Version-Release number of selected component (if applicable):

we've tried this with the three default kernels from RHEL3.0, U1 and
U2 with no appreciable differences in the results.

We also tried altering various kernel tuning parameters:

elvtune -r 4 -w 4 on all the devices
echo 100 > /proc/sys/vm/overcommit_ratio

We also tried reducing the depth of the tags on the qla2340 cards down
 all the way to 8 in the drivers

None of these produced any appreciable effects


How reproducible:

All the time

Additional info:

The failing systems are IBM 330's with 1GB of ram and two CPUs the
storage is FASTt 200 optical SAN using a brocade switch and qla2340
fibre cards.

The CPUs are:

cpu family      : 6
model           : 11
model name      : Intel(R) Pentium(R) III CPU family      1133MHz
stepping        : 1
cpu MHz         : 1128.596
cache size      : 512 KB

We also noted that SMP kernels seemed to withstand much less stress
(3-4 LUNS) than UP kernels (which could get up to 7-8 LUNS before
failing).

Comment 1 Wim Coekaerts 2004-06-02 02:44:33 UTC
we have seen the same problem on rhel3 with ocfs.
in our case we had about 20 luns even u to 50


Comment 2 Rik van Riel 2004-06-02 03:56:12 UTC
Could be IO elevator, could be SCSI midlayer, could be the HBA driver.
Assigning to both Tom Coughlan and Doug Ledford, who've done work on
these kernel subsystems...

Comment 3 Doug Ledford 2004-06-02 13:15:23 UTC
Rik, it could be any of those three, but that wouldn't explain the
system time going through the roof I don't think.

James, can you boot up this machine with kernel profiling enabled,
load it up until it's doing this exact thing, then zero out the
profile, let it run this way for a minute or so, then get the profile
data and post that here?  I'd like to know what part of the kernel we
are spending our time in before doing any guess work as to what the
cause is.

Comment 4 Kevin Krafthefer 2004-06-08 20:55:44 UTC
Created attachment 100979 [details]
readprofile output

Comment 5 Kevin Krafthefer 2004-06-08 20:57:18 UTC
The readprofile output was taken from a 2.4.21-15.EL machine a few
minutes into a tiobench. readprofile was issued prior to tiobench to
clear counts.

Comment 6 Doug Ledford 2004-06-09 14:08:30 UTC
During the readprofile/tiobench run was the system exhibiting very
poor throughput and scheduling behavior?

Comment 7 Kevin Krafthefer 2004-06-11 22:38:04 UTC
hmmm... what would you qualify as poor thrughput in terms of tiobench
values?

Comment 9 Aleksander Adamowski 2004-06-13 21:21:05 UTC
This indeed seems similar to bug 121434, where a similar issue has
been observed on production systems with practical applications.

James, could you attach your script that does the synthetic 
stress-testing benchmark?
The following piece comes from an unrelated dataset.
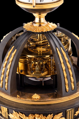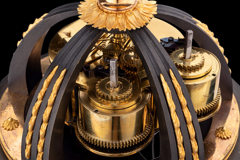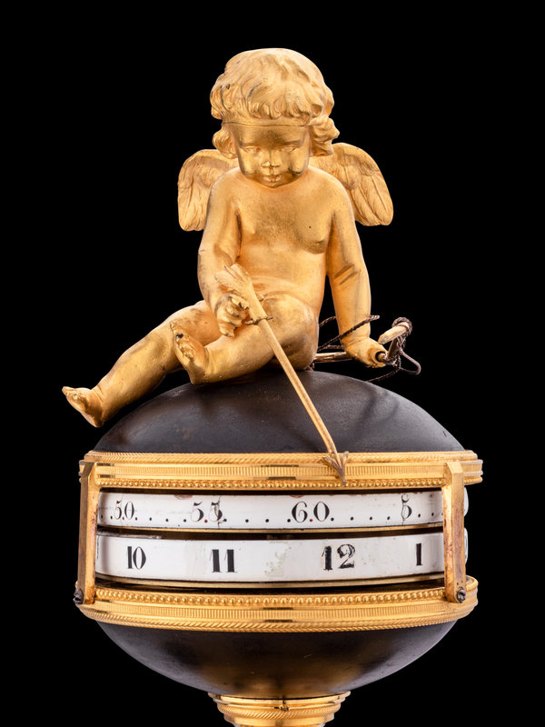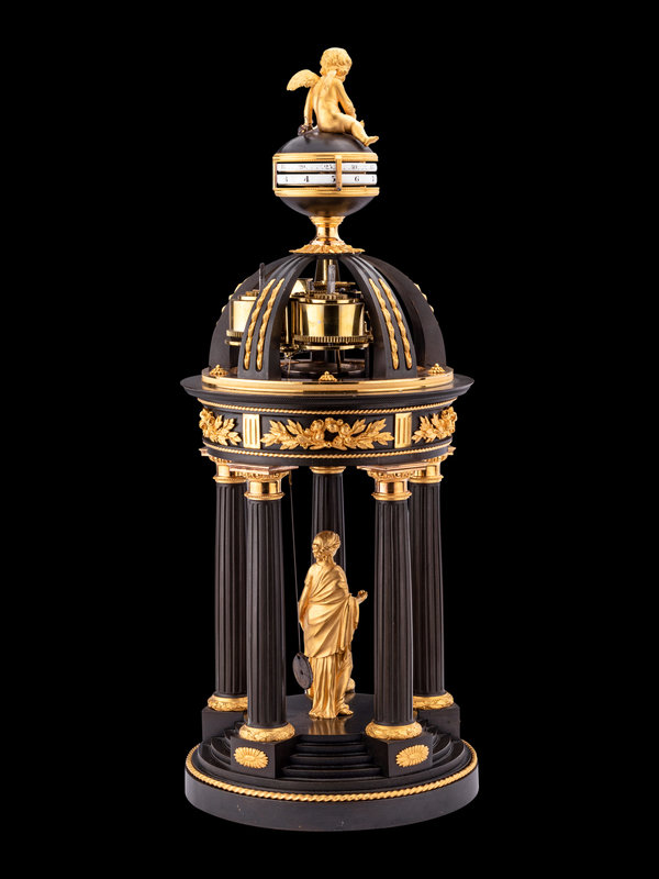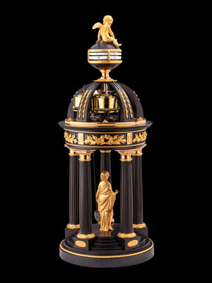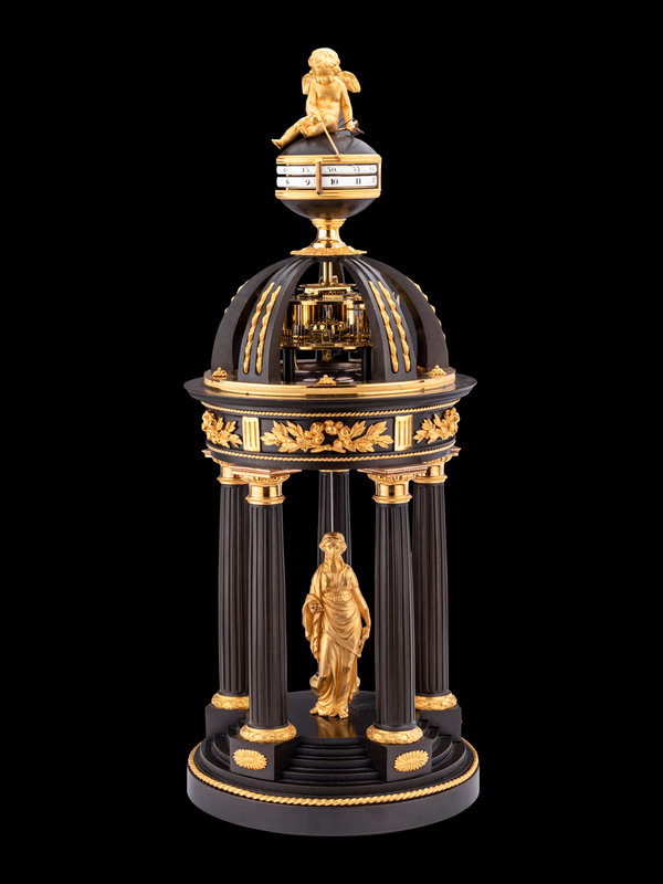 鍍金銅飾與黑漆鑄鐵相間,構成希臘式門廊,當中立有愛神阿芙洛狄特的小像,輕提裙擺,款步而出。圍柱在門廊上端聚攏,容納複雜精密的機芯,時鐘與分鐘以雙環結構并置,丘比特的小小金箭充當指針,匠心獨具。

I could test one of my systems overnight to
see if I get similar results.


Comment 10 Doug Ledford 2004-09-02 17:04:39 UTC
Posting this comment just in case anyone on this bugzilla is not also
watching bugzilla 121434.  There was a set of test kernel rpms posted
in bugzilla 121434 that *might* also have an impact on this issue.  No
guarantees, but tests and feedback appreciated.

Comment 13 Aleksander Adamowski 2007-09-07 17:15:32 UTC
Are there any parties interested in this bug yet? Upgrade to RHEL4 solves the
problem AFAIK.

Comment 14 RHEL Program Management 2007-10-19 19:25:24 UTC
This bug is filed against RHEL 3, which is in maintenance phase.
During the maintenance phase, only security errata and select mission
critical bug fixes will be released for enterprise products. Since
this bug does not meet that criteria, it is now being closed.
 
For more information of the RHEL errata support policy, please visit:
http://www.redhat.com/security/updates/errata/
 
If you feel this bug is indeed mission critical, please contact your
support representative. You may be asked to provide detailed
information on how this bug is affecting you.